### ASSIGNMENT
Please copy all of the data that follows exactly, leaving any pictures out.

### INFORMATION SUPPLIED
::::::::::
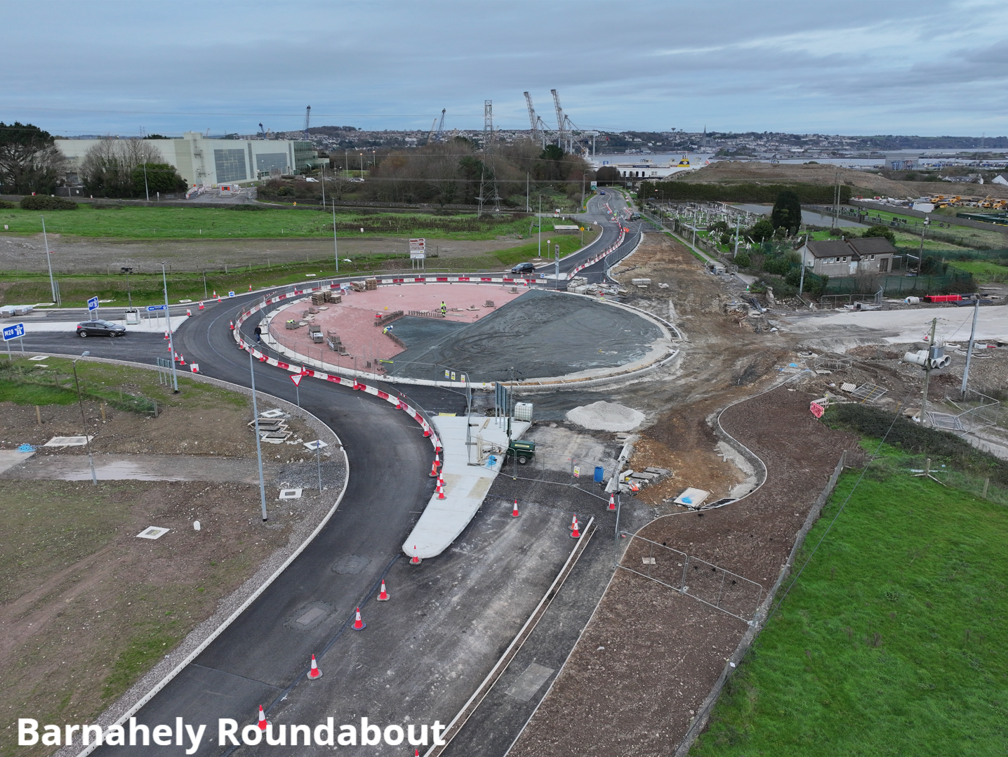 At Barnahely Roundabout, traffic continues to operate on the northbound lane under a one-way system. Works on the eastern and northern approaches are expected to be completed by mid-December, when the roundabout and its approaches are anticipated to open to two-way traffic. Focus will then shift to the J&J junction and the northern tie-in, including construction of two new bus stops.
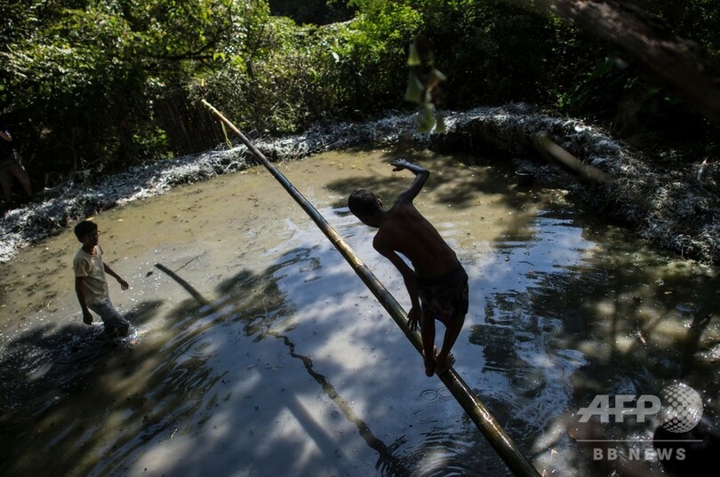 ミャンマーで独立記念日祝う運動会、哺乳瓶吸い競争や棒渡りなど
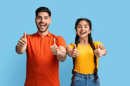 Great Choice. Positive young middle eastern couple gesturing thumbs up at camera
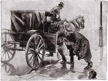 – Ah ! je voudrais bien le savoir ! Ca s’est passé ce matin, monsieur ! M. Warren est chronométreur chez Morton & Waylight’s, à Tottenham Court Road…Il faut qu’il parte de la maison avant sept heures. Eh bien, ce matin, il n’avait pas fait dix pas dans la rue que deux hommes se sont approchés de lui par-derrière, lui ont jeté un manteau sur la tête, et l’ont fourré dans un fiacre qui était rangé au bord du trottoir. Ils l’ont promené pendant une heure, puis ils ont ouvert la portière et l’ont jeté dehors. Il est tombé sur la route, et il était tellement abasourdi qu’il ne sait même pas ce qu’est devenu le fiacre… quand il s’est relevé, il a découvert qu’il se trouvait sur Hampstead Heath ; alors il a pris le bus pour rentrer à la maison et à présent il est couché sur le canapé. Moi je suis venue tout de suite vous raconter ce qui est arrivé.
::::::::::
### EXPECTED ANSWER
 At Barnahely Roundabout, traffic continues to operate on the northbound lane under a one-way system. Works on the eastern and northern approaches are expected to be completed by mid-December, when the roundabout and its approaches are anticipated to open to two-way traffic. Focus will then shift to the J&J junction and the northern tie-in, including construction of two new bus stops.
 ミャンマーで独立記念日祝う運動会、哺乳瓶吸い競争や棒渡りなど
 Great Choice. Positive young middle eastern couple gesturing thumbs up at camera
 – Ah ! je voudrais bien le savoir ! Ca s’est passé ce matin, monsieur ! M. Warren est chronométreur chez Morton & Waylight’s, à Tottenham Court Road…Il faut qu’il parte de la maison avant sept heures. Eh bien, ce matin, il n’avait pas fait dix pas dans la rue que deux hommes se sont approchés de lui par-derrière, lui ont jeté un manteau sur la tête, et l’ont fourré dans un fiacre qui était rangé au bord du trottoir. Ils l’ont promené pendant une heure, puis ils ont ouvert la portière et l’ont jeté dehors. Il est tombé sur la route, et il était tellement abasourdi qu’il ne sait même pas ce qu’est devenu le fiacre… quand il s’est relevé, il a découvert qu’il se trouvait sur Hampstead Heath ; alors il a pris le bus pour rentrer à la maison et à présent il est couché sur le canapé. Moi je suis venue tout de suite vous raconter ce qui est arrivé.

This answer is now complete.